While spending the last days in Kiev, the feeling that we have stayed in the city for too long, never really left me. It was time to move on. I think it is kind of tricky with cities, if you stay in one place for a long time you start to become lazy, you get used to the comfort which cities offer and as a result, you end up spending too much time and money. Of course we also did something useful in Kiev, if “filming” a short hyperlapse video can be regarded as something useful (https://www.youtube.com/watch?v=mc9RkejUOig). One way or the other, on 8th October we finally got back on the road.

Crimean red sparkling wine.
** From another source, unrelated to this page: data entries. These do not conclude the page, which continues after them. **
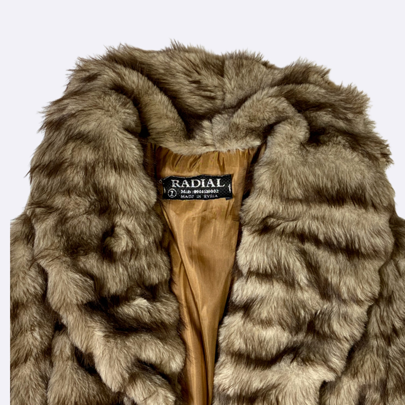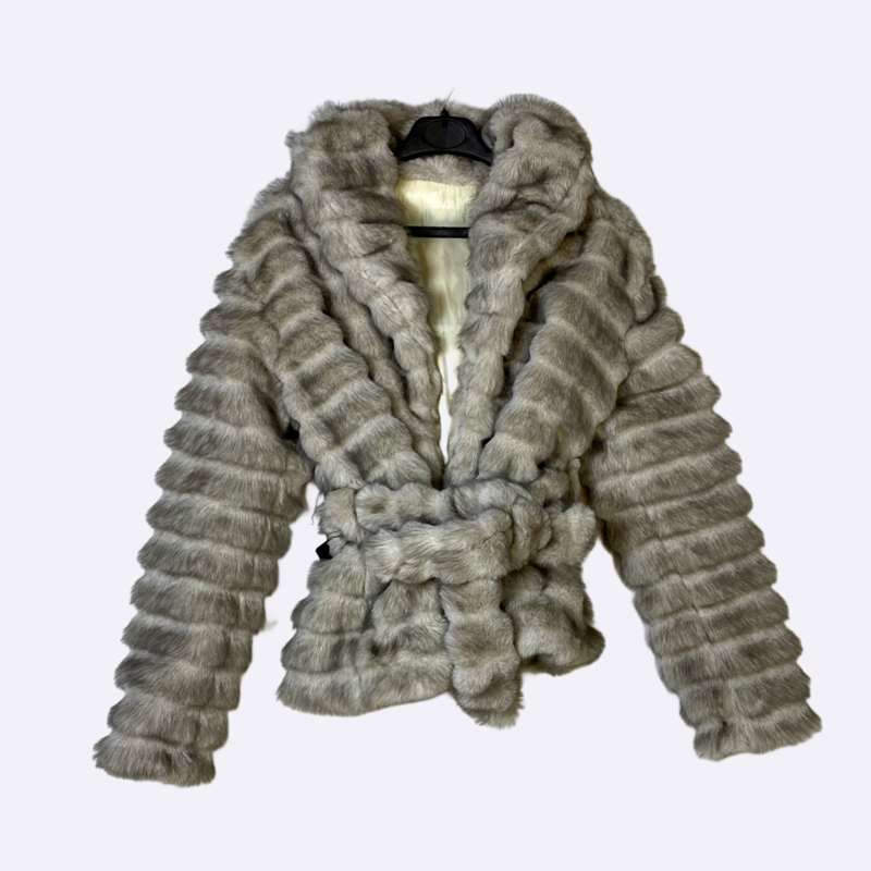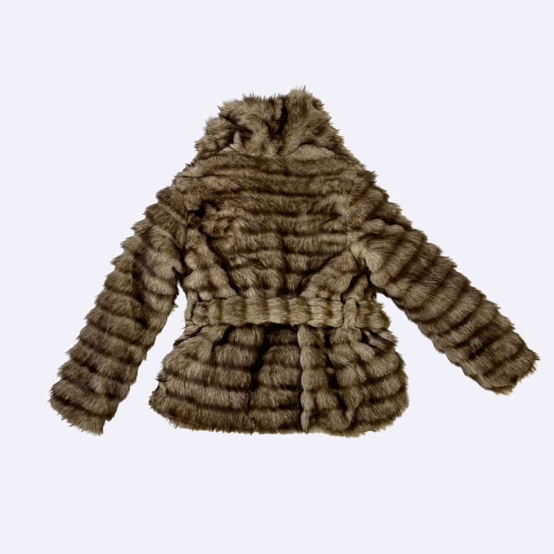 جاكيت فرو صناعي قصير ومميز بنمط مخطط أفقي، يتميز بياقة عريضة ويغلق برباط حزام عند الخصر.
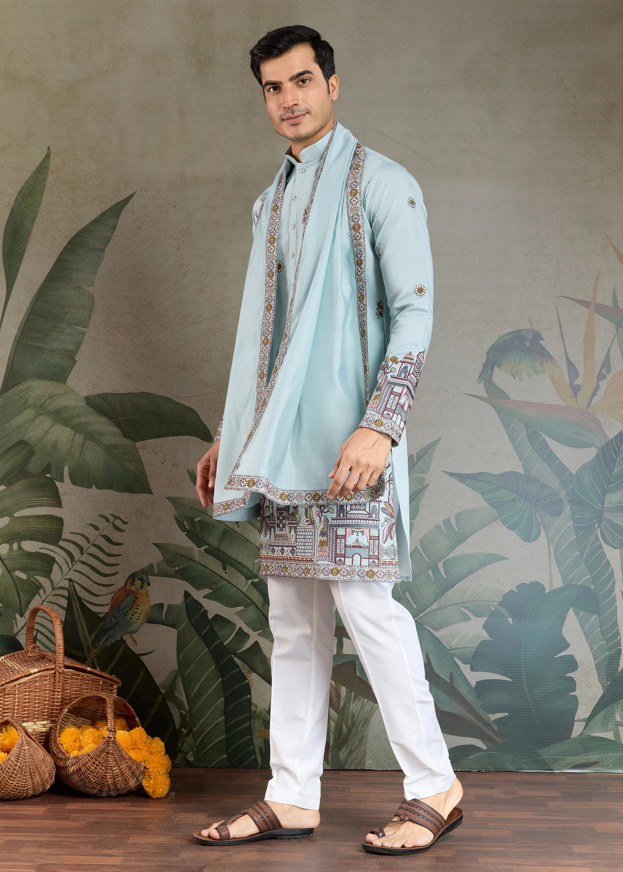This is a stylish and contemporary men's kurta in a light,  soft sky-blue color.The fabric appears to be a lightweight cotton...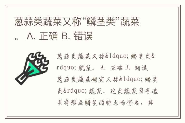 葱蒜类蔬菜又称“鳞茎类”蔬菜。 A. 正确 B. 错误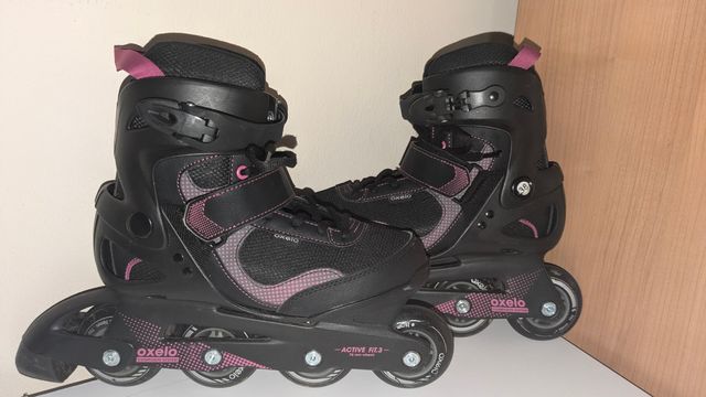 Patines en linea prácticamente sin uso núm 38 Bolsa de transporte, protecciones y casco. Todo como nuevo.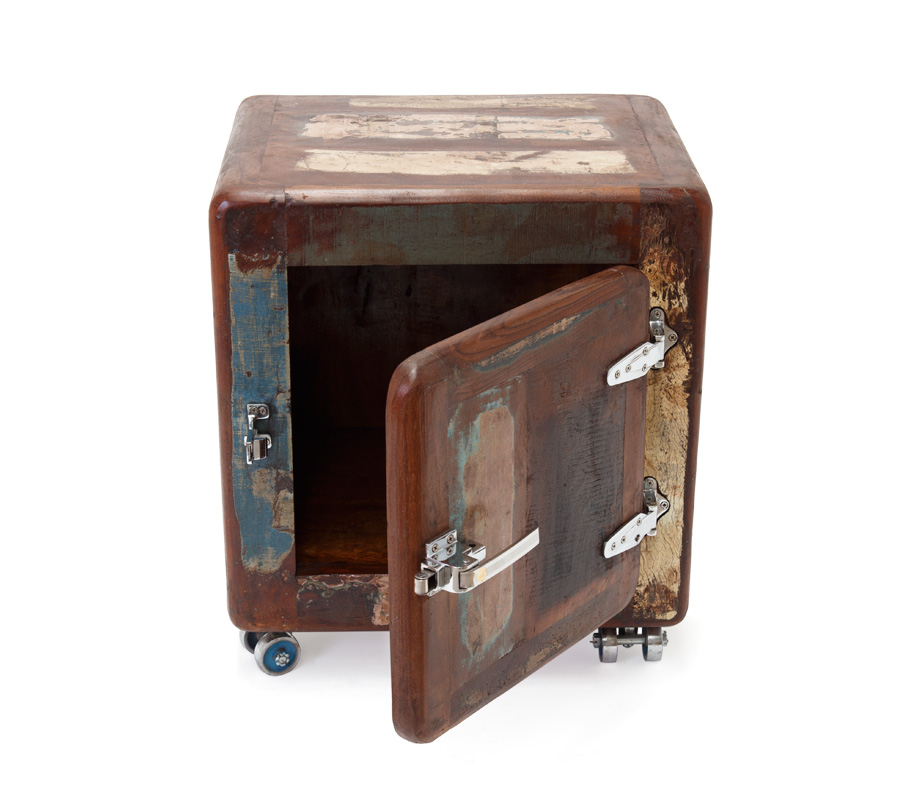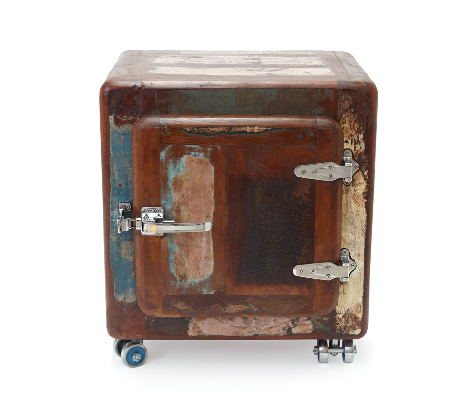 Su estructura robusta combina la calidez de la madera envejecida con el brillo metálico de sus bisagras y cerraduras tipo refrigerador antiguo, aportando un aire vintage e innovador a dormitorios, livings o rincones creativos. Además, sus ruedas metálicas facilitan el desplazamiento, permitiendo adaptarlo a distintas configuraciones del espacio.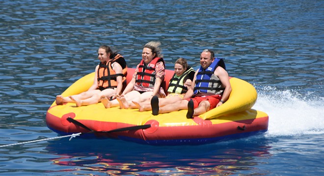 Kekova bölgesinin doğal bir limanı olan Gökkaya Koyu, günübirlik tura çıkan teknelerin mola yeri. Mavi yolculuk teknelerinin bir iki gece mola verdiği, denizi ve doğası ile muhteşem bir koy olan Gökkaya'ya her gün yüzlerce yat geliyor. Koya gelen turistlere bir firma tarafından su sporları yaptırılıyor. Bu sporlardan bir de ringo. Turistler sürat teknesinin çektiği ringo adı verilen şişme bir bota bindiriliyor. En fazla 4 kişinin binebildiği ringo, sürat teknesi tarafından çekilirken, 25-30 mil hıza ulaşıyor. Bu yolculuk açık denizde yaklaşık 15 dakika sürüyor. Bu tur için yolcu başı 75 lira ücret alınıyor.

We tasted it on the last evening in Kiev, but unfortunately it was not tasty.
In the morning we packed our panniers and, together with our host Roman, drove to the central train station. The plan was to get from Kiev to the Moldavian (Transnestrian) border (to the city Kotovsk) using Ukrainian train network and then to jump on our cycles and pedal to Chisinau. I can almost hear people asking me “How can you call yourself bicycle tourist, if you are travelling with trains all the time?” I can almost hear myself answering this imaginary question “Firstly, to travel by trains in Ukraine is even cheaper that to travel by bicycles. Secondly, these trains are almost like social clubs where you get to know a lot about people travelling with you. Thirdly, it is a lot faster to travel by train and as we have to be in Crimea on 1st November, train is our only option to see more.” Actually, this was neither the first, nor the last time, when I had similar discussions with myself.